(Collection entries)
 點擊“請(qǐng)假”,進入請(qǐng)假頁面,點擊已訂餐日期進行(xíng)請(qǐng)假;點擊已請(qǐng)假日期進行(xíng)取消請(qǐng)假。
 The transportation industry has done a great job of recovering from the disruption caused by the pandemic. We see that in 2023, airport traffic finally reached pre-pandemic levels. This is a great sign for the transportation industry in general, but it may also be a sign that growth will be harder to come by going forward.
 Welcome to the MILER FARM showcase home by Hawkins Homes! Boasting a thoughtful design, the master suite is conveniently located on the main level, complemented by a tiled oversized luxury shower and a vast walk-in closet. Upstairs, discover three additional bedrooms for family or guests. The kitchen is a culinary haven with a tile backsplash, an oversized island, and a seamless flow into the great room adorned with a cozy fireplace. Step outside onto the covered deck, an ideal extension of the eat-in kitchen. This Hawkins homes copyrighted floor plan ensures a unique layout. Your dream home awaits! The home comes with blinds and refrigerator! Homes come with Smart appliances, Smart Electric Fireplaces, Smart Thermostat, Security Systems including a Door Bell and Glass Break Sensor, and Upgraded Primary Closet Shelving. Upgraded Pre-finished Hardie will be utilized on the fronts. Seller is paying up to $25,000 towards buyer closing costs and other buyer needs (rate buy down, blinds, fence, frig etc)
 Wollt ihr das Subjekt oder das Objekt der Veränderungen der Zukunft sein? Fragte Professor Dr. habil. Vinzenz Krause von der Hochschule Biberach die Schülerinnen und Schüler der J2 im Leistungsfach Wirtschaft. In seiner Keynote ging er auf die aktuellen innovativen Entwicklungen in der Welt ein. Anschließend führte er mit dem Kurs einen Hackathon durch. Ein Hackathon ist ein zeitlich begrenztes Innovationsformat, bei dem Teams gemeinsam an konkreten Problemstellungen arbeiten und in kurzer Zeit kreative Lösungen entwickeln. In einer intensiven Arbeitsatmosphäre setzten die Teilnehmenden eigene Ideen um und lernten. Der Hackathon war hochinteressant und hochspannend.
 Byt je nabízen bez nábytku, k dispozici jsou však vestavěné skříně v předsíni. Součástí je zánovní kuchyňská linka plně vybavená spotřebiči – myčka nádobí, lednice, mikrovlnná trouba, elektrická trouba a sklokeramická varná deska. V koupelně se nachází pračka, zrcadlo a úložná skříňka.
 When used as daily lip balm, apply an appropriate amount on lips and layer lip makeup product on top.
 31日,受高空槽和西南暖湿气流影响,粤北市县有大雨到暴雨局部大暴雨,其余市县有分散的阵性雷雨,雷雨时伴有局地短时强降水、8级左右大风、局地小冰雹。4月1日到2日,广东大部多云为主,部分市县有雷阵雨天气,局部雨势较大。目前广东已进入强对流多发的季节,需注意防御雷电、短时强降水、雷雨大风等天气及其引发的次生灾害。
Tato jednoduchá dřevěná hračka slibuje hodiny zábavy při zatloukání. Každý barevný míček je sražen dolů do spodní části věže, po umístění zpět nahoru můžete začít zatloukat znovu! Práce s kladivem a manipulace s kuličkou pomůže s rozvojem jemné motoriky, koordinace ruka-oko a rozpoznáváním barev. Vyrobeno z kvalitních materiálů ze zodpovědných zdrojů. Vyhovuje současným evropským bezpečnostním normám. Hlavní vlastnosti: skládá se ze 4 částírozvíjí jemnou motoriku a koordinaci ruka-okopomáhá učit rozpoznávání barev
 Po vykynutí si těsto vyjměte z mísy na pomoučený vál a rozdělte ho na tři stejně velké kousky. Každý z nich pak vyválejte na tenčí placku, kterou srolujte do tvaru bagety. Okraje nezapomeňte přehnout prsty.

* [Instructions for the task]: Transcribe verbatim. Cover the lines from the first line of the entries above to the line containing "The transportation industry has", inclusive.

* [Your response]:
 點擊“請(qǐng)假”,進入請(qǐng)假頁面,點擊已訂餐日期進行(xíng)請(qǐng)假;點擊已請(qǐng)假日期進行(xíng)取消請(qǐng)假。
 The transportation industry has done a great job of recovering from the disruption caused by the pandemic. We see that in 2023, airport traffic finally reached pre-pandemic levels. This is a great sign for the transportation industry in general, but it may also be a sign that growth will be harder to come by going forward.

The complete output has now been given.